TASK BRIEF
Take the entries below and reproduce exactly the portion that begins at the line containing "私自身、何度かヨーロッパのエ" and ends at the line containing "新疆乌尔禾的魔鬼城历经亿万年", keeping both ends, dropping pictures, and adding nothing else.

TASK INPUTS
──────────

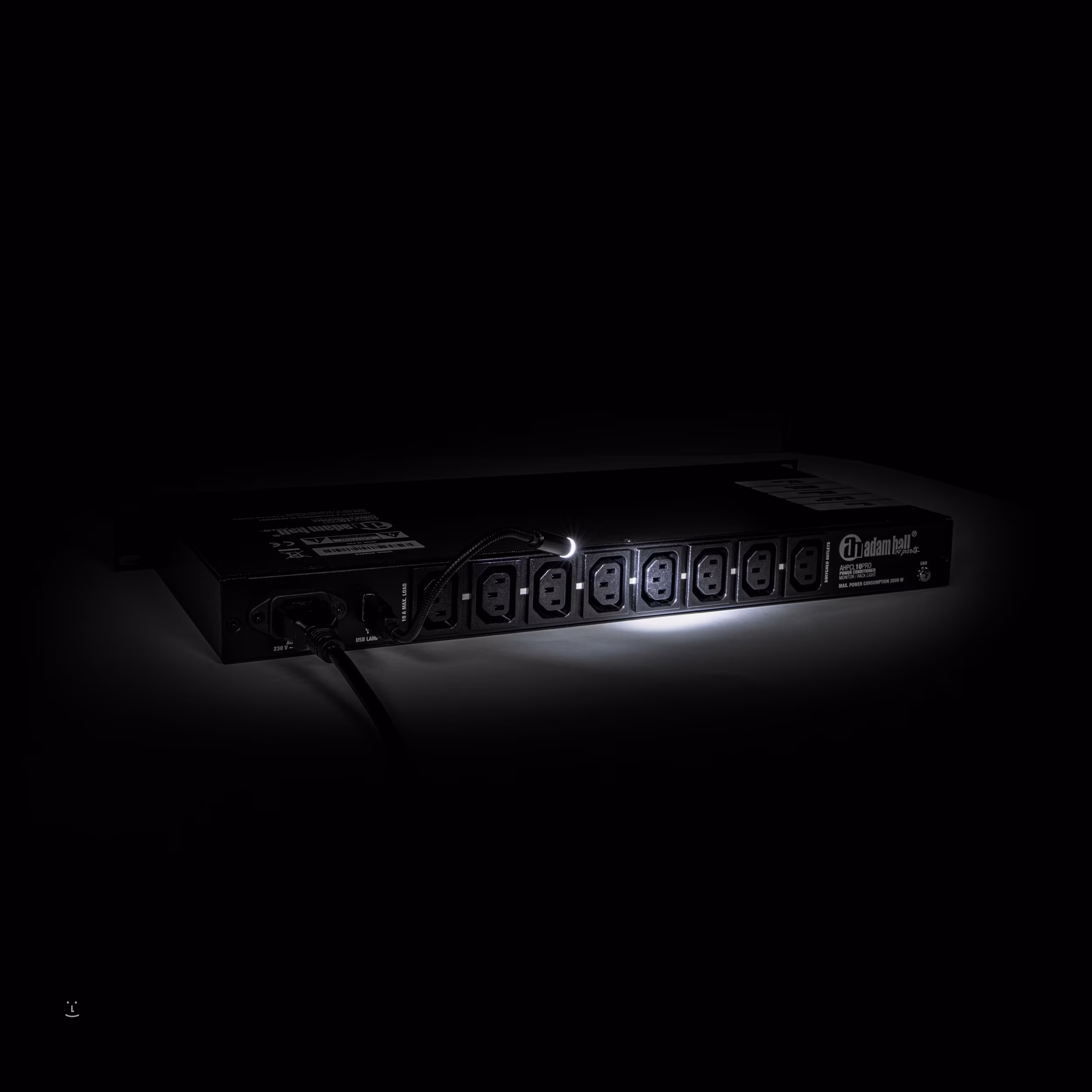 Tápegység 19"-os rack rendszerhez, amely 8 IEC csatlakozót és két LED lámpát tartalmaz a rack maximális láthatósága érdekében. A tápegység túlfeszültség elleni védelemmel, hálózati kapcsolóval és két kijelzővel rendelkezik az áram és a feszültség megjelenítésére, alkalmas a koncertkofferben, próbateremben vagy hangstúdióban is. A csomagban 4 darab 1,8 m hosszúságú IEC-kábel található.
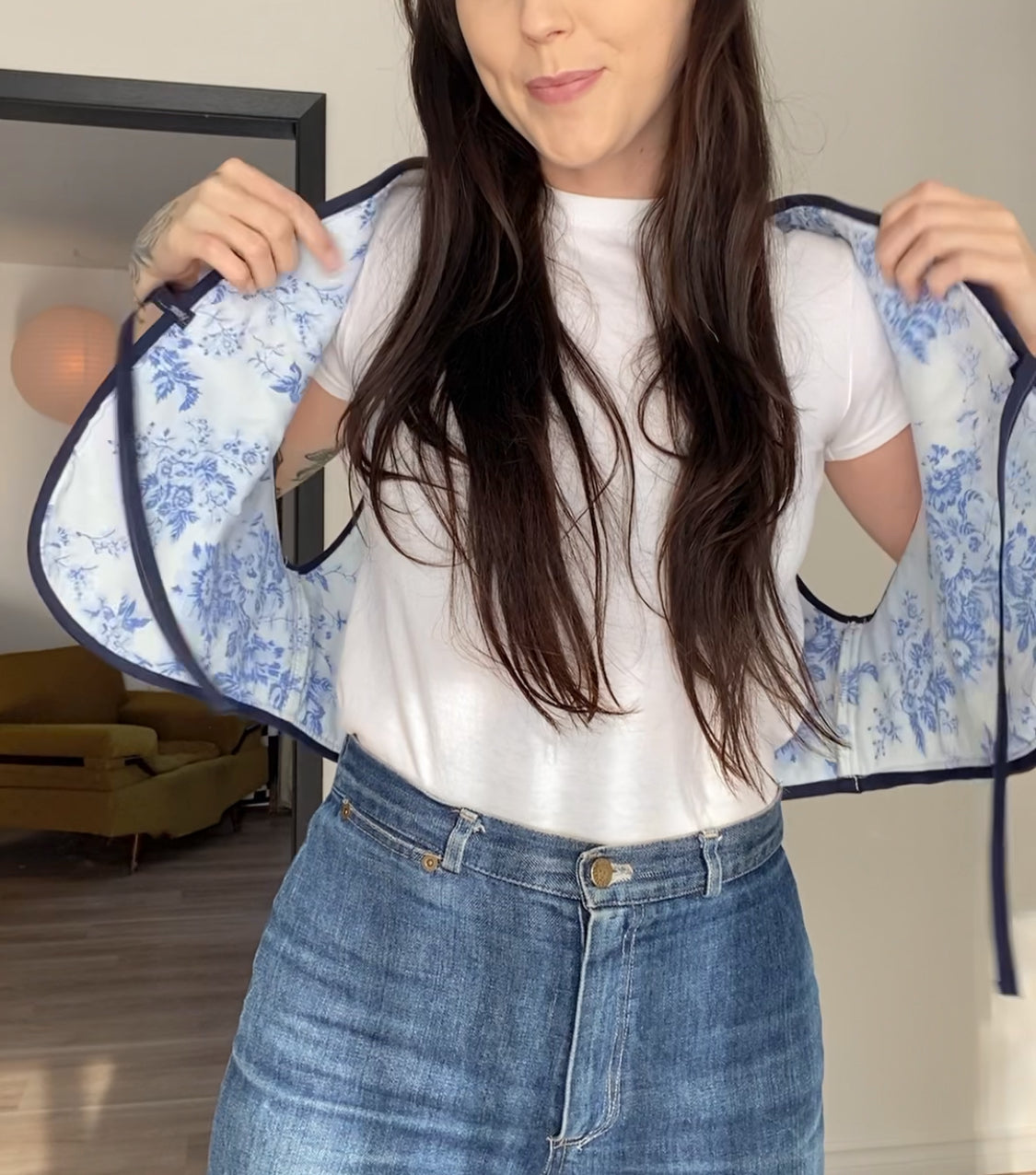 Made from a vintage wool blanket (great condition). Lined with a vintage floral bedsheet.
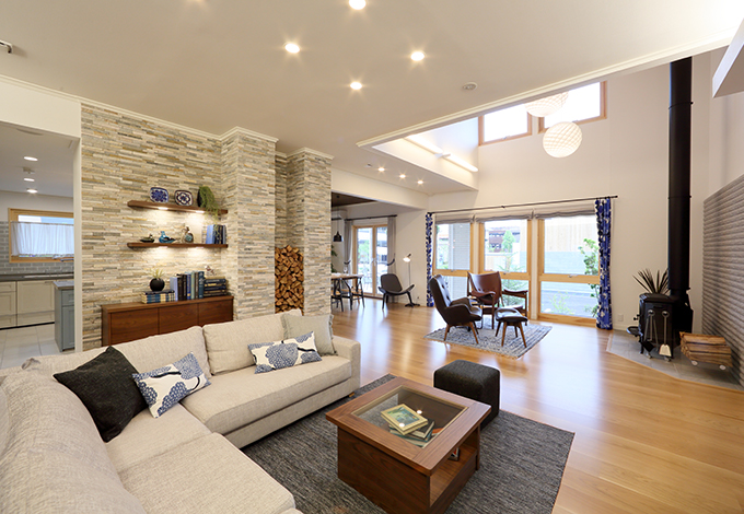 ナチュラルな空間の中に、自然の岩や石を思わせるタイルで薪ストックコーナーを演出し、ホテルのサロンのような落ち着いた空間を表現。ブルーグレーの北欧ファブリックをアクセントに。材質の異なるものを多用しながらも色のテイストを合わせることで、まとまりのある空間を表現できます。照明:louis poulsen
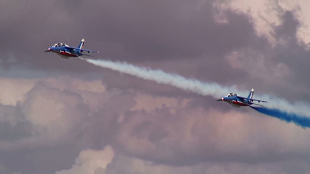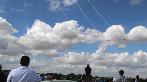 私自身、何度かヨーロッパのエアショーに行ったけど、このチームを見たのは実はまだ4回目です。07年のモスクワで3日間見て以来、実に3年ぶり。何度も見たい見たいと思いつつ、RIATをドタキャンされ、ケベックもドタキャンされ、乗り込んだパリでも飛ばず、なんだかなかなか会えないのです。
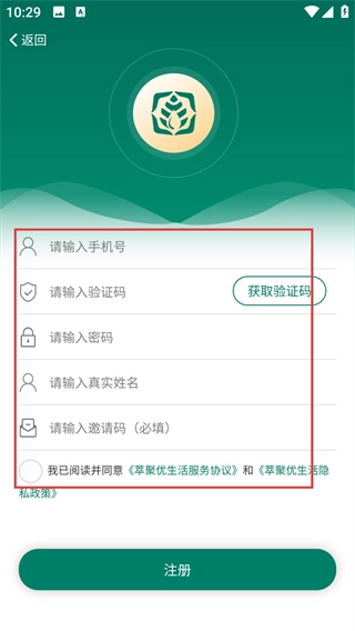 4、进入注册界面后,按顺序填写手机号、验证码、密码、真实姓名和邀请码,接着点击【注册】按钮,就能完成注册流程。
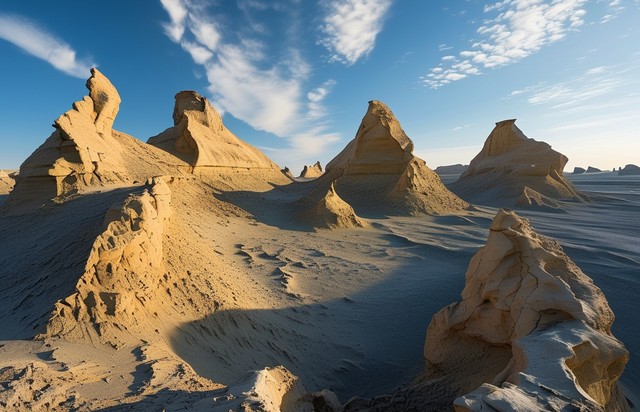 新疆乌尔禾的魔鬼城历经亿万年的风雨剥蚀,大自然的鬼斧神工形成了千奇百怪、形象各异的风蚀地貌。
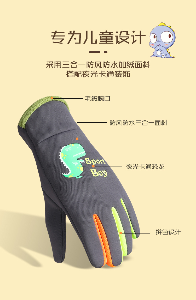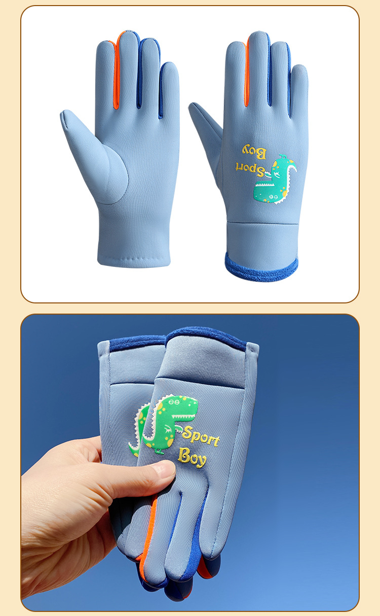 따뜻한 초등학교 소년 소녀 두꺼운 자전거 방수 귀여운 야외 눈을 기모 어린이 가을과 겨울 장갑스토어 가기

──────────

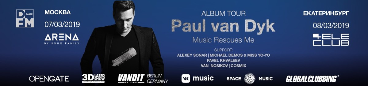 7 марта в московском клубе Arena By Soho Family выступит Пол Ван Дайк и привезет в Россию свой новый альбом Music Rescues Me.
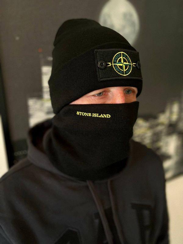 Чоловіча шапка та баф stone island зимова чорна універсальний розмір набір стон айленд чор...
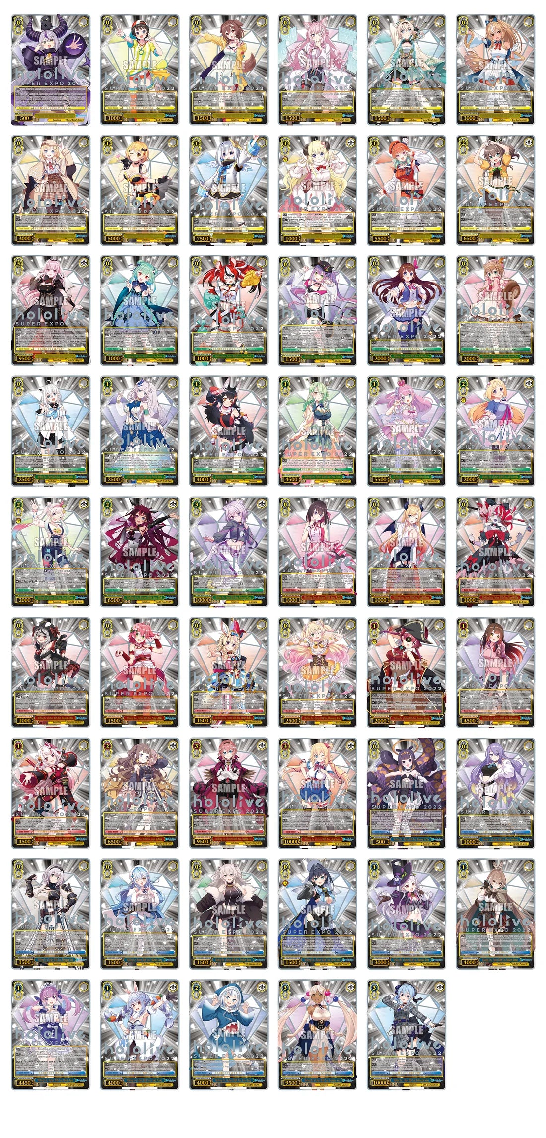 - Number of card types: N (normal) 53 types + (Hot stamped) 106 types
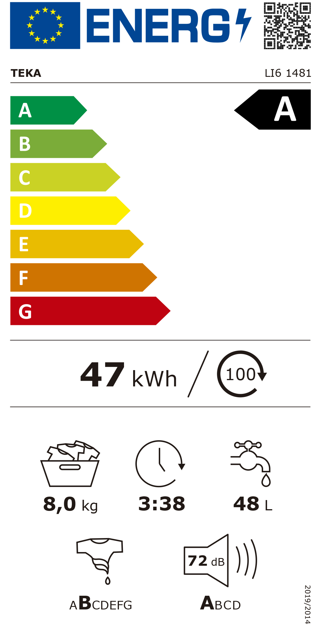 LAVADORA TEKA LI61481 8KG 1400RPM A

──────────

TASK OUTPUT
 私自身、何度かヨーロッパのエアショーに行ったけど、このチームを見たのは実はまだ4回目です。07年のモスクワで3日間見て以来、実に3年ぶり。何度も見たい見たいと思いつつ、RIATをドタキャンされ、ケベックもドタキャンされ、乗り込んだパリでも飛ばず、なんだかなかなか会えないのです。
 4、进入注册界面后,按顺序填写手机号、验证码、密码、真实姓名和邀请码,接着点击【注册】按钮,就能完成注册流程。
 新疆乌尔禾的魔鬼城历经亿万年的风雨剥蚀,大自然的鬼斧神工形成了千奇百怪、形象各异的风蚀地貌。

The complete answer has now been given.